The Liberal Case for Ted Olson

Lots of rumors floating about that the administration is backing off appointing Ted Olson as Attorney General because of Democratic objections. Look, he was my lawyer in the CIA leak case for my Supreme Court appeal. I had some disagreements with him which I chronicled in Portfolio. And if I was president, I wouldn't appoint him Attorney General because I'm not a hard-core conservative. But this president is. And Ted Olson, unlike Alberto Gonzales, is incredibly well qualified, maybe the best qualified person, to take the job under a Republican president. What's more, he's right wing but not, I think, reflexively so. After all, he sided with former Associate Attorney General James Comey in that showdown with Alberto Gonzales and Andy Card at John Ashcroft's hospital room. He's got a civil libertarian streak; see his work on First Amendment issues. As an experienced litigator, he's by nature less of an ideologue than a judge or academic. I think the Clinton witchhunts of the 90s were crazy and not just because my wife works for Hillary Clinton.
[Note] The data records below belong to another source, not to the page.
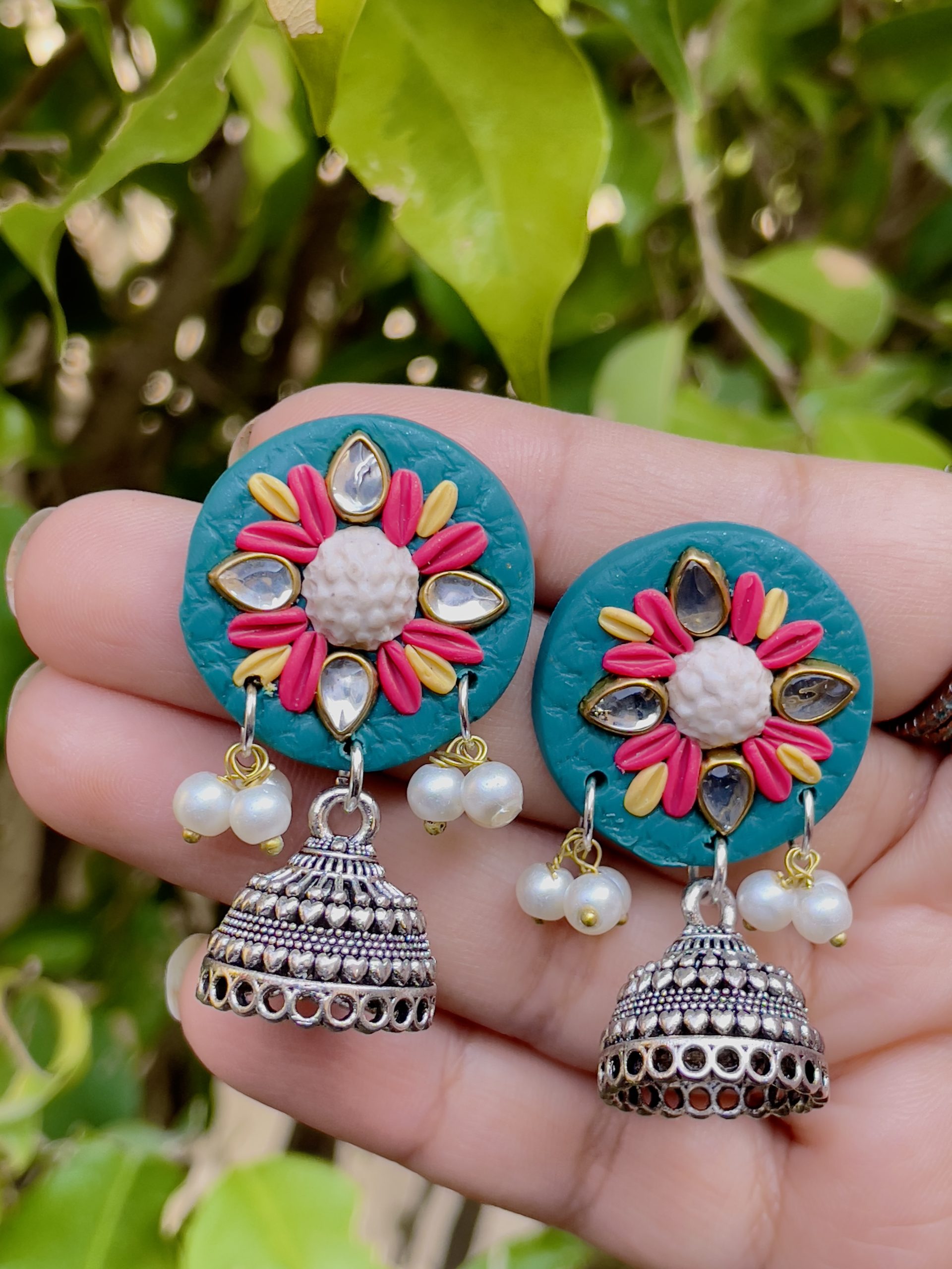 ⚠️ Note: Please be aware that the Jhumka bell shape may vary slightly depending on stock availability; however, the turquoise base, floral colors, and overall design will remain exactly as shown.
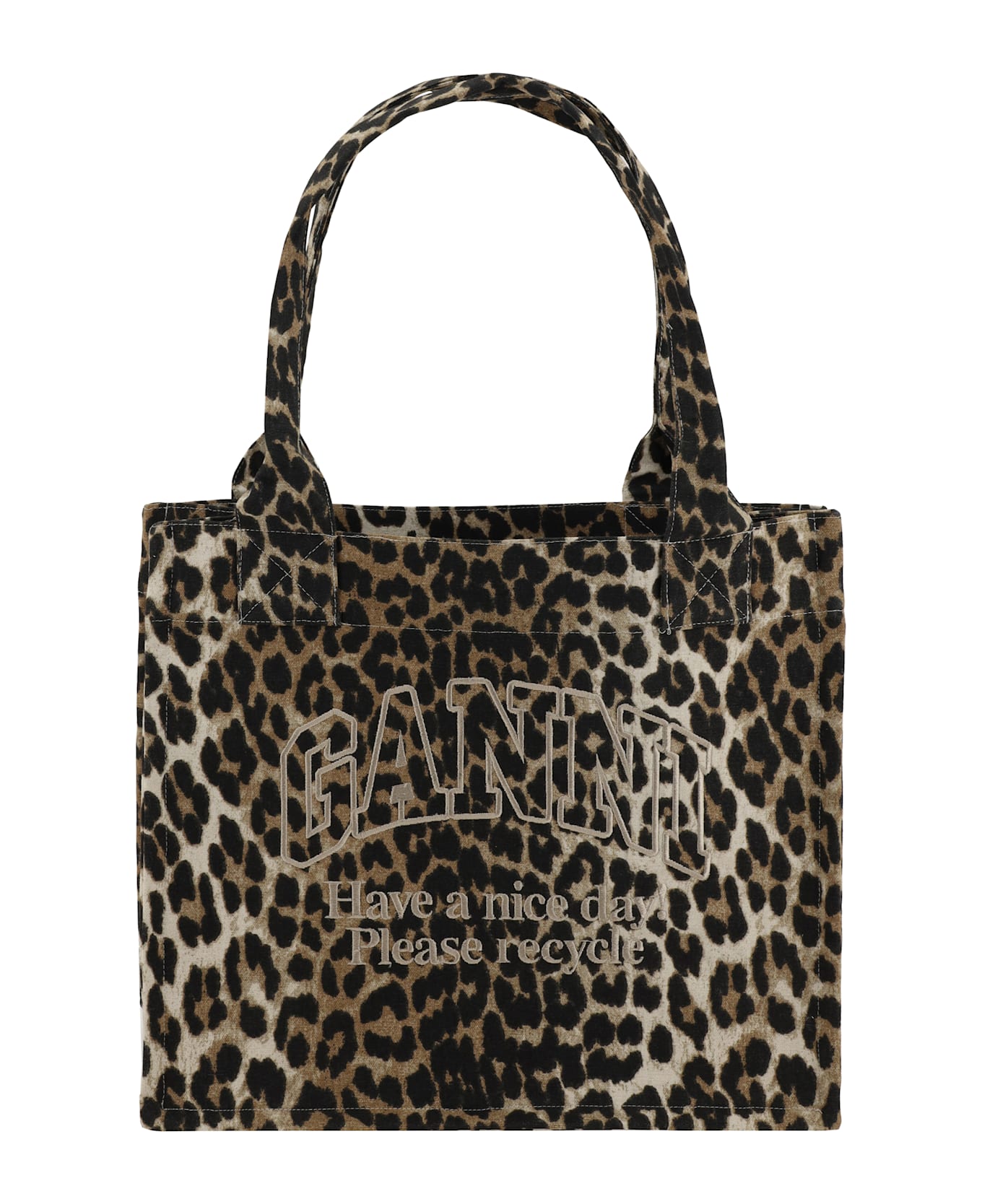 Cotton tote bag by ganni, two top tubular handles, print with contrasting iconic brand monogram detail on front, animal pattern, single interior compartment. Composition: 100% % Cotton
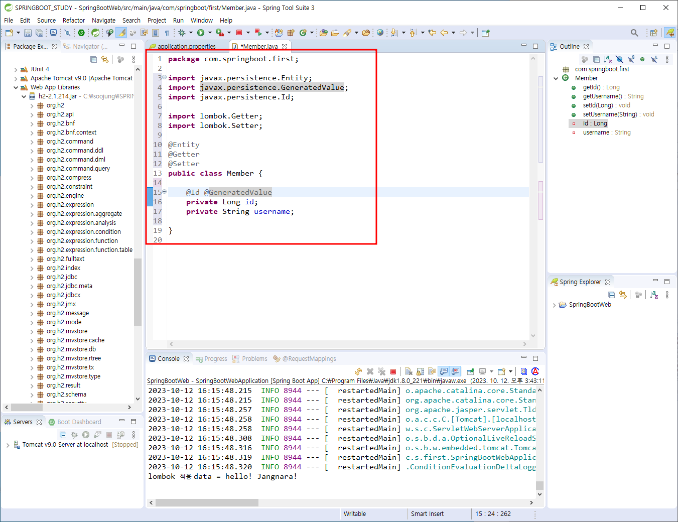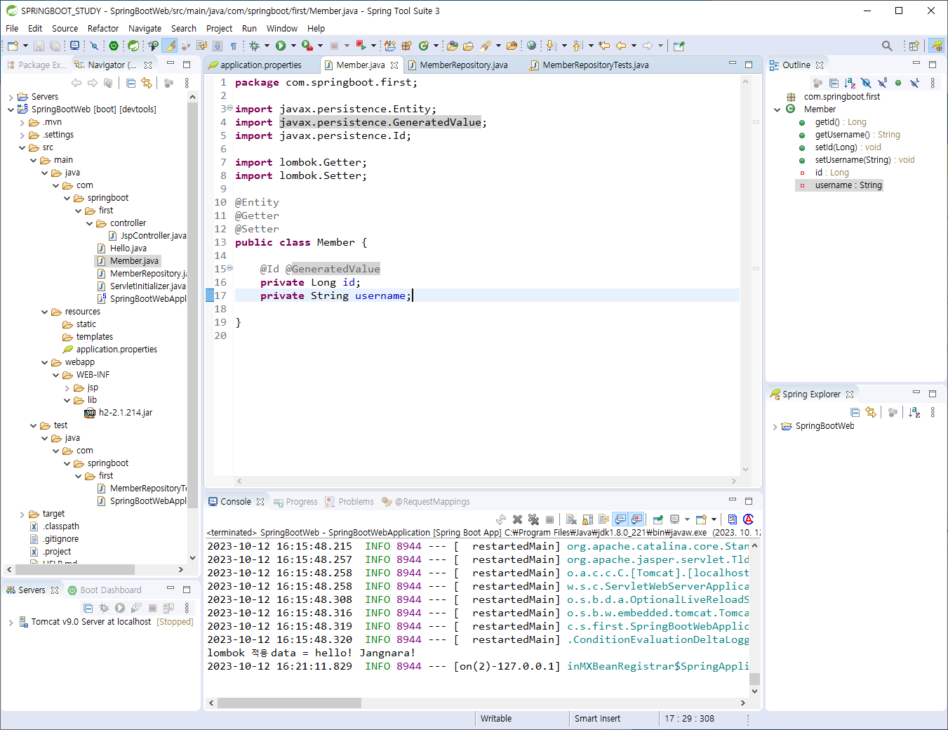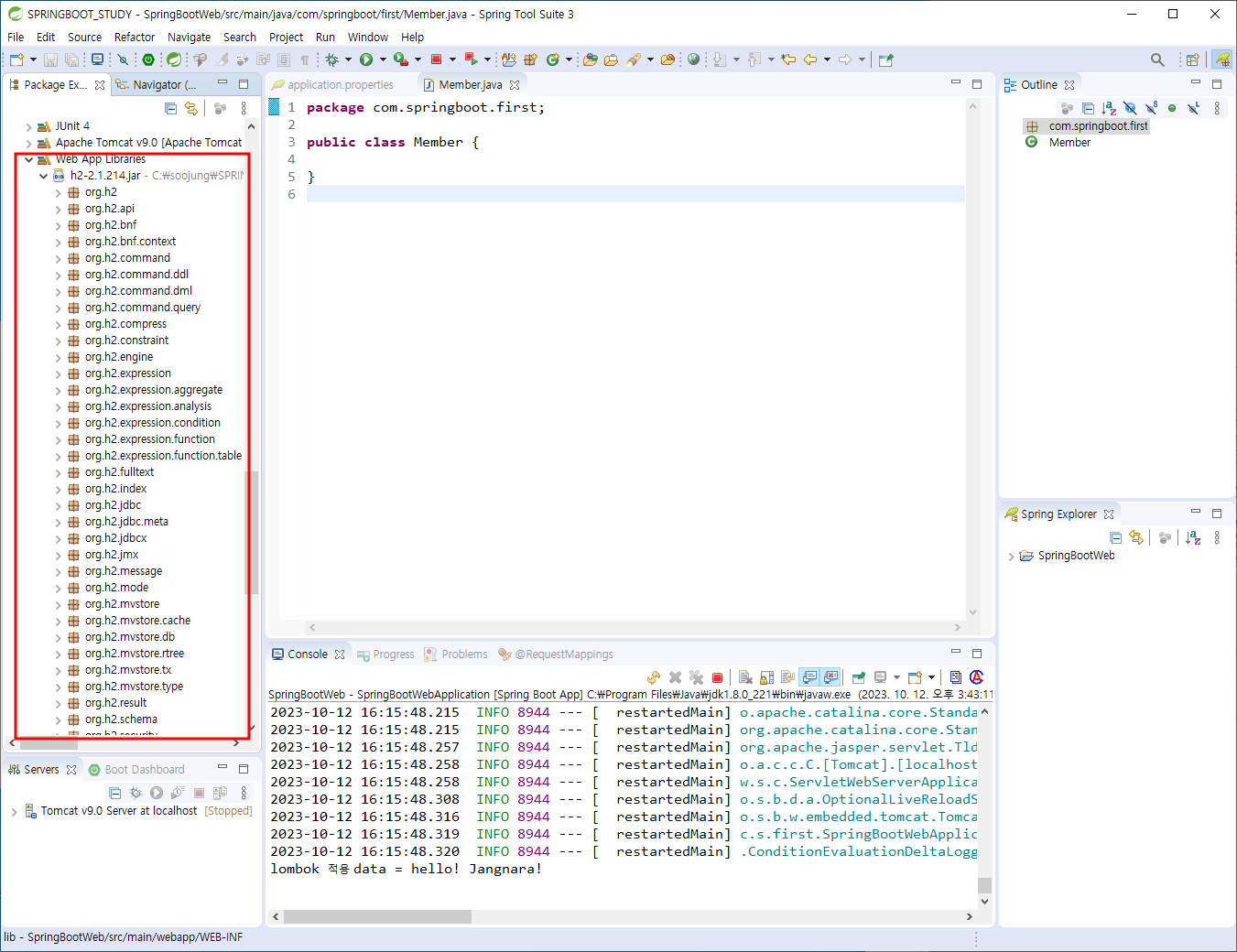 - java - com - springboot - first 패키지 안에 다음과 같이 Member.java 소스 코딩해 줌.
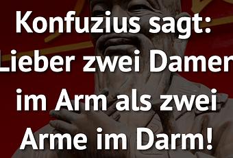 Auf Facebook teilen Vorige Folgende Konfuzius sagt: Lieber zwei Damen im Arm als... Autor des Artikels : istdaslustig Zum Original-Artikel Konfuzius sagt: Lieber zwei Damen im Arm als zwei Arme im Darm! Hier geht es zum Artikel Mehr Lustiges auf www.istdaslustig.de Auf Facebook teilen Vorige Folgende Das könnte Ihnen gefallen Mehr
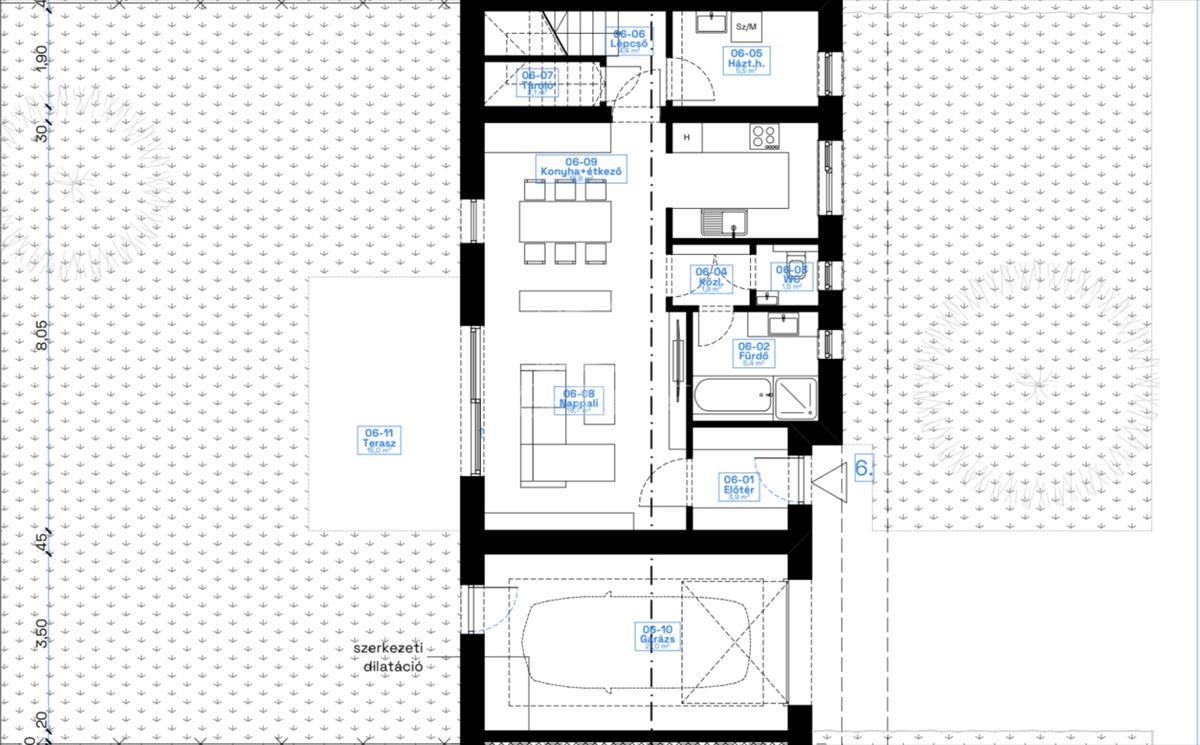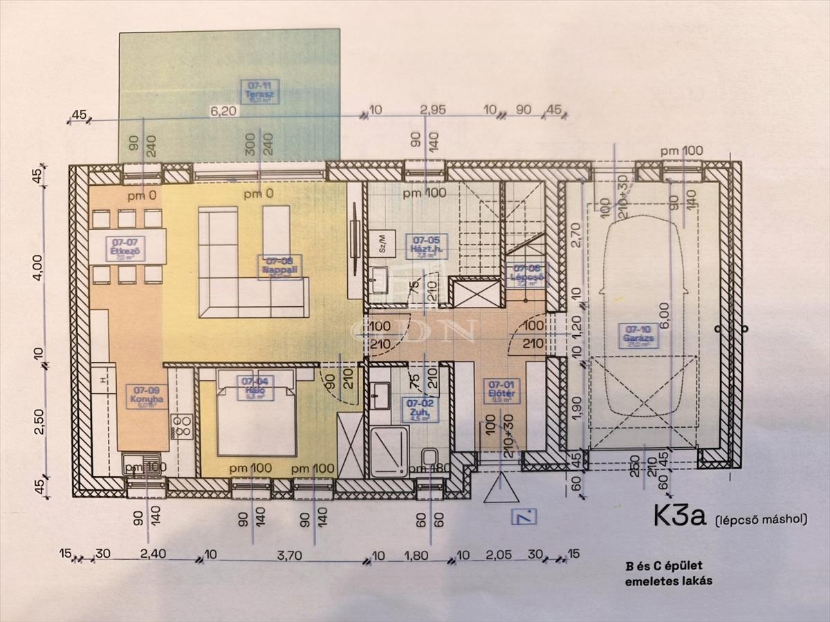 kertrész kb. 200 Nm. a garázs teteje monolit födém, járható,

Olson was a part of that, with ties to the American Spectator although he denies being part of the so-called Arkansas Project. I take him at his word. Maybe Bush would be better off with some national unity type attorney general. But he shouldn't have to neuter himself. He has a right to appoint who he wants if they're within parameters of integrity and competence. Olson more than meets those standards. And if Dems reject him, that's a bad precedent for their presidencies. They ought to be free to appoint liberals who are as partisan and brilliant as Olson.